(INPUT MATERIAL begins)
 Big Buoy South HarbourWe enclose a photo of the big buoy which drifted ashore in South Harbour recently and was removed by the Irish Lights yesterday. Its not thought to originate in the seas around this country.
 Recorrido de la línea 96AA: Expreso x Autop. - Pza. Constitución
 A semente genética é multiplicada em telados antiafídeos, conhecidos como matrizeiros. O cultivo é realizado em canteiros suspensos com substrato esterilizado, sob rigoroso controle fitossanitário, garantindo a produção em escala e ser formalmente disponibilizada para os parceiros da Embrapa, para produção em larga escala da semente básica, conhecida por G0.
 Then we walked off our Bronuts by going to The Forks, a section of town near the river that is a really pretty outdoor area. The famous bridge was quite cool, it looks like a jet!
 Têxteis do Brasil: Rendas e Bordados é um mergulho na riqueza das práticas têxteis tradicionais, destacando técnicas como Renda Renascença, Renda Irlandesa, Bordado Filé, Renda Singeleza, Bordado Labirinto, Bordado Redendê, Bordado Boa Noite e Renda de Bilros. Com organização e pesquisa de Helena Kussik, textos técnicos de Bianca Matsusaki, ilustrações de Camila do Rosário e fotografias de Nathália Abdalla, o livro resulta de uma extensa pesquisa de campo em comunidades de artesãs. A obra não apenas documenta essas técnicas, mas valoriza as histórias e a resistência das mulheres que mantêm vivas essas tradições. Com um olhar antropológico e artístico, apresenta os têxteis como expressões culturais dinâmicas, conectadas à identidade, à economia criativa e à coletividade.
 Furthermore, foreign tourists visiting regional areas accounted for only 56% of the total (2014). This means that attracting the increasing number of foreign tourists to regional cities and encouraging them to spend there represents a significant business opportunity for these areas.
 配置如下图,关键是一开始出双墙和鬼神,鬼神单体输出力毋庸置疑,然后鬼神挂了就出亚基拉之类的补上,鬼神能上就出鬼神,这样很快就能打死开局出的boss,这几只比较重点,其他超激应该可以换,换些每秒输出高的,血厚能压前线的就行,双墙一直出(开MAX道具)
(INPUT MATERIAL ends)
(INPUT MATERIAL begins)
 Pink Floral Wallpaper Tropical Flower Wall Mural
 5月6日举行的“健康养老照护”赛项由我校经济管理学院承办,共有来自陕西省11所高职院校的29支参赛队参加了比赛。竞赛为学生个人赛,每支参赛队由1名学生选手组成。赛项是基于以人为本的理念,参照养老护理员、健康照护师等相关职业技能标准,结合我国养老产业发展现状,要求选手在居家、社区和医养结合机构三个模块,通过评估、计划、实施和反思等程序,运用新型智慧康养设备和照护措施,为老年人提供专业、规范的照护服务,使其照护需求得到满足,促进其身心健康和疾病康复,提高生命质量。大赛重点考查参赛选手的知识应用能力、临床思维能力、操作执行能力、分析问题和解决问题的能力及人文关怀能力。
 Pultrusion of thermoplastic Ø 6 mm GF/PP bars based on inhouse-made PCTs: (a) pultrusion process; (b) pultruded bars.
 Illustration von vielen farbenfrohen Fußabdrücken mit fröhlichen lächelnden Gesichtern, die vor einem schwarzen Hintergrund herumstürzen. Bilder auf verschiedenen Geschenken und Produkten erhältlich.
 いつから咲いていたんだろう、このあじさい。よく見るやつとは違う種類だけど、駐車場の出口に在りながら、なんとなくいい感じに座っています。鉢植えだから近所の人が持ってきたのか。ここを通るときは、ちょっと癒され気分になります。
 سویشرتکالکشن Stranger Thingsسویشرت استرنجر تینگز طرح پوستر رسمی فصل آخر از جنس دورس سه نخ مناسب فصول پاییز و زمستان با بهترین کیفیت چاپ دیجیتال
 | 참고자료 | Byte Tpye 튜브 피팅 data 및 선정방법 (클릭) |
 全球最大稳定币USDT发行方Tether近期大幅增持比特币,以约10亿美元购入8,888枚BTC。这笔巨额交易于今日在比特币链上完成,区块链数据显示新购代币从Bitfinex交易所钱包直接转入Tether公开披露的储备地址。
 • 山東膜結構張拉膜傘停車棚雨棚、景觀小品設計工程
(INPUT MATERIAL ends)
(INPUT MATERIAL begins)
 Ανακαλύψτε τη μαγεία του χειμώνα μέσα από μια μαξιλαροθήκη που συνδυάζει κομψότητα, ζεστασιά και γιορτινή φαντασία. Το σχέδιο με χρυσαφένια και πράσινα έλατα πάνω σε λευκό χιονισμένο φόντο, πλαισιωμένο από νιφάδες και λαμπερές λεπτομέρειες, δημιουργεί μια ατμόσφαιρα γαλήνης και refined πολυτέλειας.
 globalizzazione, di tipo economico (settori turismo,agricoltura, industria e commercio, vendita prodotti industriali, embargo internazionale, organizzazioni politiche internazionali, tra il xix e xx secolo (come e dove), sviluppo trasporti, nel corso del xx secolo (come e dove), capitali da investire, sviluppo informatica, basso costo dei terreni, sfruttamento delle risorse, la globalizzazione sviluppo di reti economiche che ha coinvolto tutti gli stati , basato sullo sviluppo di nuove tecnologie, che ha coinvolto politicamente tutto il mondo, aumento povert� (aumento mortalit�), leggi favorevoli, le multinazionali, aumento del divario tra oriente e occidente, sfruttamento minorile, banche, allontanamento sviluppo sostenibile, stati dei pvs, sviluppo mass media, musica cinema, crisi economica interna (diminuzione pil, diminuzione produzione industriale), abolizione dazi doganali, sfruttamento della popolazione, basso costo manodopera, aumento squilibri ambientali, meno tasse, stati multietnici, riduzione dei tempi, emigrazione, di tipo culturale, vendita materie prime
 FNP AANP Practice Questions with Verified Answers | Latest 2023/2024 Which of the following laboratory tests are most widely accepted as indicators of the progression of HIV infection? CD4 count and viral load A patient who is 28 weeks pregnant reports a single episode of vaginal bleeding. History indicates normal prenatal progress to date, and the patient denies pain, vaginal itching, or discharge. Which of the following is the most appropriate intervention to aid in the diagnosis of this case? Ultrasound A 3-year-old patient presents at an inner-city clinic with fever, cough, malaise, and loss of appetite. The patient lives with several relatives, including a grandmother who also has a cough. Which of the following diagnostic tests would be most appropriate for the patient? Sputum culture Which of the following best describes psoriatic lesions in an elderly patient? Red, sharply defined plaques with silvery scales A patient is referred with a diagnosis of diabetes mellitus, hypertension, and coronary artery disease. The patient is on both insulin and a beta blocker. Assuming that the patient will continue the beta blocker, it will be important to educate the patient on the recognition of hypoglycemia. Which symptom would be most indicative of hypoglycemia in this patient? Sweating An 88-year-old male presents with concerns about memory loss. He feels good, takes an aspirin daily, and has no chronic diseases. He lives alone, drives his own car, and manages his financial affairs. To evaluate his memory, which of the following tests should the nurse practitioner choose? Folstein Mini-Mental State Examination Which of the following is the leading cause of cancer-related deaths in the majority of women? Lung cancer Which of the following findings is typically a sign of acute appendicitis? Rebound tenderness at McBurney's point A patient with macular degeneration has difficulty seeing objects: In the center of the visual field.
(INPUT MATERIAL ends)
• [WHAT YOU SHOULD DO]: Above are the records. Print exactly, and only, the lines from the line with "Ανακαλύψτε τη μαγεία" to the line with "globalizzazione, di tipo", both inclusive.

• [EXERCISE SOLUTION]:
 Ανακαλύψτε τη μαγεία του χειμώνα μέσα από μια μαξιλαροθήκη που συνδυάζει κομψότητα, ζεστασιά και γιορτινή φαντασία. Το σχέδιο με χρυσαφένια και πράσινα έλατα πάνω σε λευκό χιονισμένο φόντο, πλαισιωμένο από νιφάδες και λαμπερές λεπτομέρειες, δημιουργεί μια ατμόσφαιρα γαλήνης και refined πολυτέλειας.
 globalizzazione, di tipo economico (settori turismo,agricoltura, industria e commercio, vendita prodotti industriali, embargo internazionale, organizzazioni politiche internazionali, tra il xix e xx secolo (come e dove), sviluppo trasporti, nel corso del xx secolo (come e dove), capitali da investire, sviluppo informatica, basso costo dei terreni, sfruttamento delle risorse, la globalizzazione sviluppo di reti economiche che ha coinvolto tutti gli stati , basato sullo sviluppo di nuove tecnologie, che ha coinvolto politicamente tutto il mondo, aumento povert� (aumento mortalit�), leggi favorevoli, le multinazionali, aumento del divario tra oriente e occidente, sfruttamento minorile, banche, allontanamento sviluppo sostenibile, stati dei pvs, sviluppo mass media, musica cinema, crisi economica interna (diminuzione pil, diminuzione produzione industriale), abolizione dazi doganali, sfruttamento della popolazione, basso costo manodopera, aumento squilibri ambientali, meno tasse, stati multietnici, riduzione dei tempi, emigrazione, di tipo culturale, vendita materie prime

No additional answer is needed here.